Китайскими пейзажами можно восторгаться, совершенно не ожидая от них никакого формального новаторства. То же самое можно сказать о многовековой традиции христианского искусства: стигматы не вспыхивают вдруг в экспрессионистском гротеске, а от юродивых никто не ждет, что они вдруг зайдутся в кубистском экстазе. Одни и те же персонажи фигурируют в этих произведениях из века в век, причем иконография их остается практически неизменной, а репрезентационный авторитет нисколько не снижается. Советское искусство призвано было исполнять стабильные конфессиональные функции, а потому естественным образом было склонно к схожим повторам. На протяжении веков покровительство западноевропейского искусства было христианским, как и покровительство русского искусства середины ХХ века было советским. Когда Луначарский утверждал, что советское искусство должно вдохновляться «здоровыми пластами искусства прошлого (например, Ренессансом)»[562], он пытался обеспечить культурному производству именно такого рода стабильность, для него неразрывно связанную с высшими достижениями человечества. Взгляд этот подразумевает также ряд ортодоксальных норм, которые следовало поддерживать посредством ограничений, принуждения, давления. Поскольку революция большевиков должна была стать последней из всех революций, то их искусство не могло не быть стабильным, и единственно верно было предпочитать модернистскому ниспровержению четко спланированную систему проверенных временем ценностей, которая вызывала бы у народных масс стойкий интерес, развлекала бы их и помогала бы им развиваться.

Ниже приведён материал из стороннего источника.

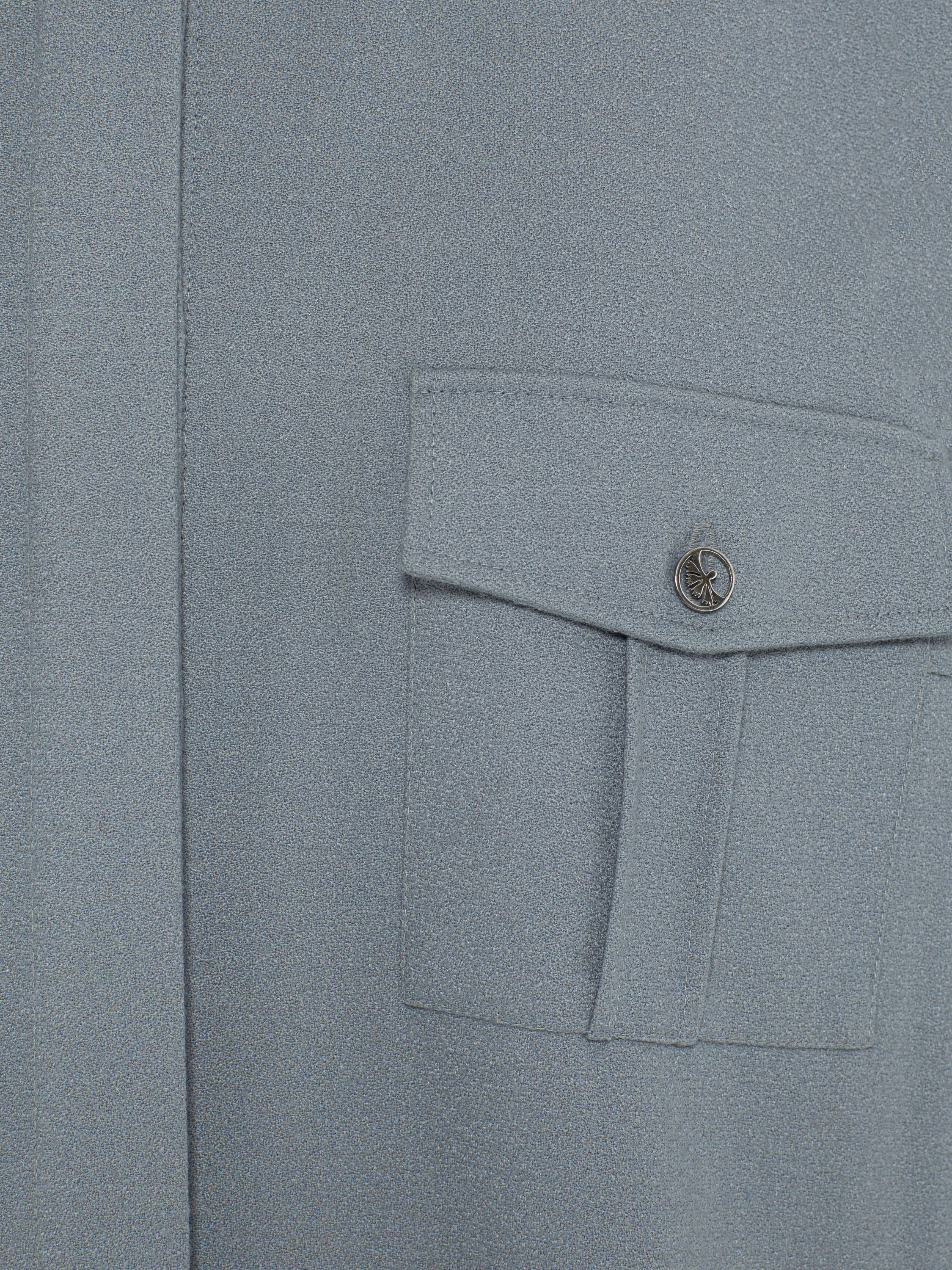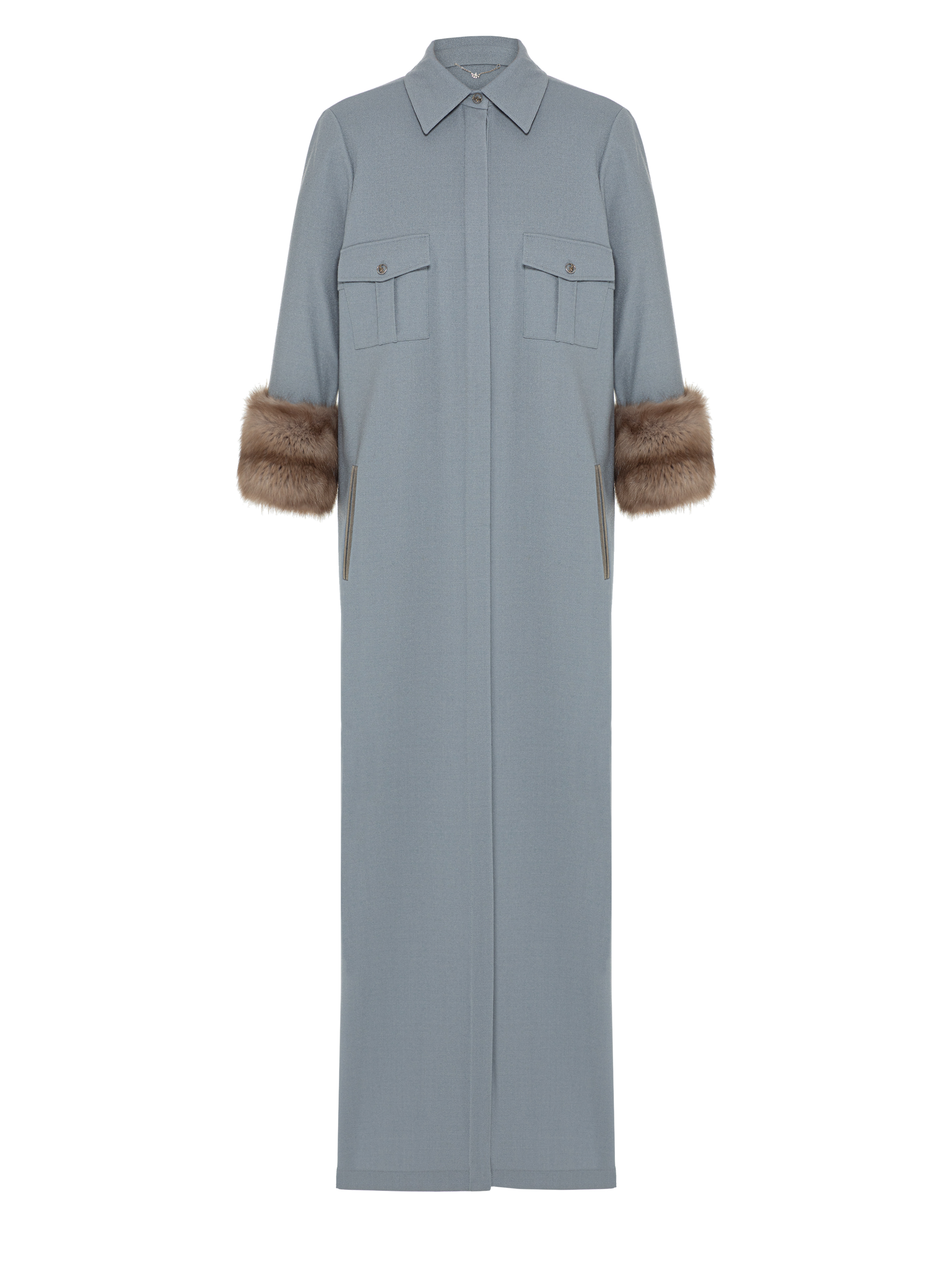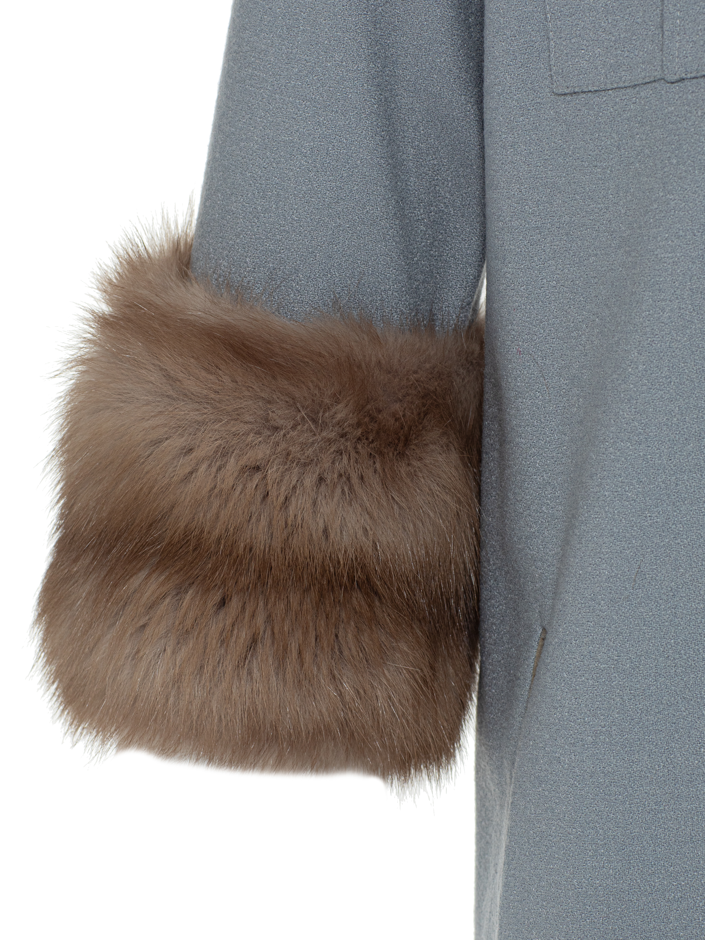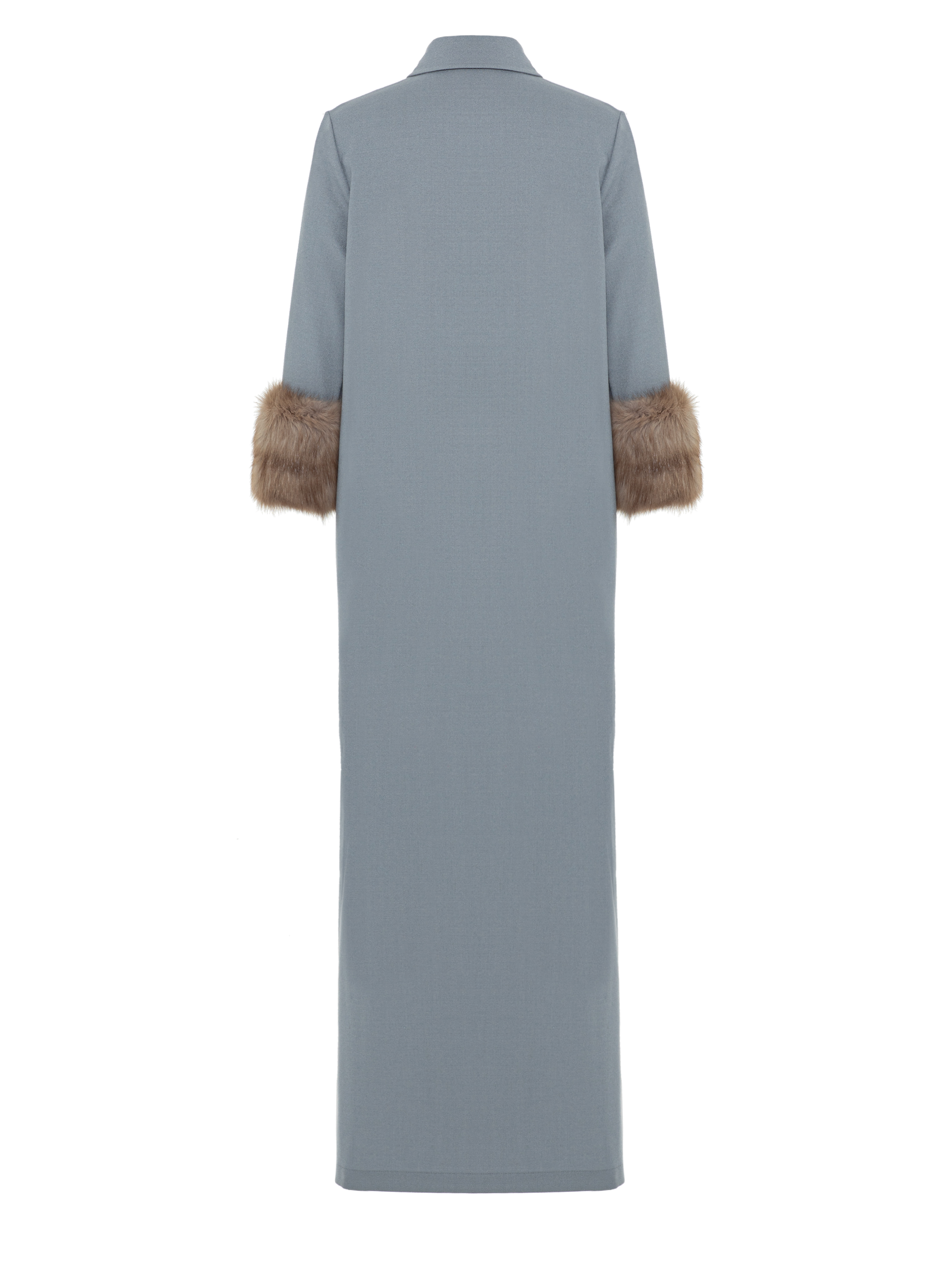 Серое платье-макси из костюмной ткани с меховыми манжетами

С этой точки зрения весь проект в целом можно счесть глубоко экспериментальным: как создать устойчивую систему из переменчивого хаоса модернизма, в котором художник считался провидцем новых неизбежных революций? Как художнику оставаться в рамках дозволенного, но при этом вызывать интерес? Хотя мы нередко полагаем, что это было не так, публика – читатели, кинозрители, театралы – очень активно потребляла искусство. Чтобы сделать поточное производство интересным, необходима определенная доля новаторства. Советские люди читали запоем и толпами ходили на балет и в оперу. Сможем ли мы извлечь какой-либо важный урок из этого эксперимента в создании публичного, коллективного искусства, основанного на единообразии – или даже единомыслии, – которое противоречит ценностям капиталистического искусства?
Современные исследователи посвятили немало времени произведениям, которые, как считалось раньше, не заслуживают вдумчивого критического разбора. Маршалл Лестер из Калифорнийского университета в Санта-Круз ведет чудесный киноклуб, где показывают исключительно жанровые фильмы. После каждого сеанса дискуссия начинается не сразу; кажется, что об увиденной картине решительно нечего сказать, кроме самого очевидного. Но как только беседа завязывается, зрители начинают делать самые неожиданные выводы. Жанровые фильмы, бульварная литература и другие формы поп-культуры непроизвольно выполняют важную работу по выражению коллективных тревог и перемен в мировоззрении. И «стандартное» советское искусство, несомненно, достигало схожих результатов. Даже если в советском искусстве того периода меньше гениальных личностей, дух времени все-таки должен был выразить себя в нем со всей присущей ему полнотой. Особого новаторства тут и не требуется; напротив, оно бы, пожалуй, помешало уловить едва заметные сдвиги, выраженные в повторах. Можно только надеяться, что в скором времени возникнет школа изучения советской культуры, которая будет толковать ее с той въедливостью, с которой Кэролайн Уокер Байнам толкует средневековые христианские артефакты[563]. Искусствоведы видят в Средних веках многочисленные коренные переломы, в отдельных случаях занявшие несколько столетий, которые были обусловлены как развитием живописной архитектоники, так и пересмотром общественных ценностей.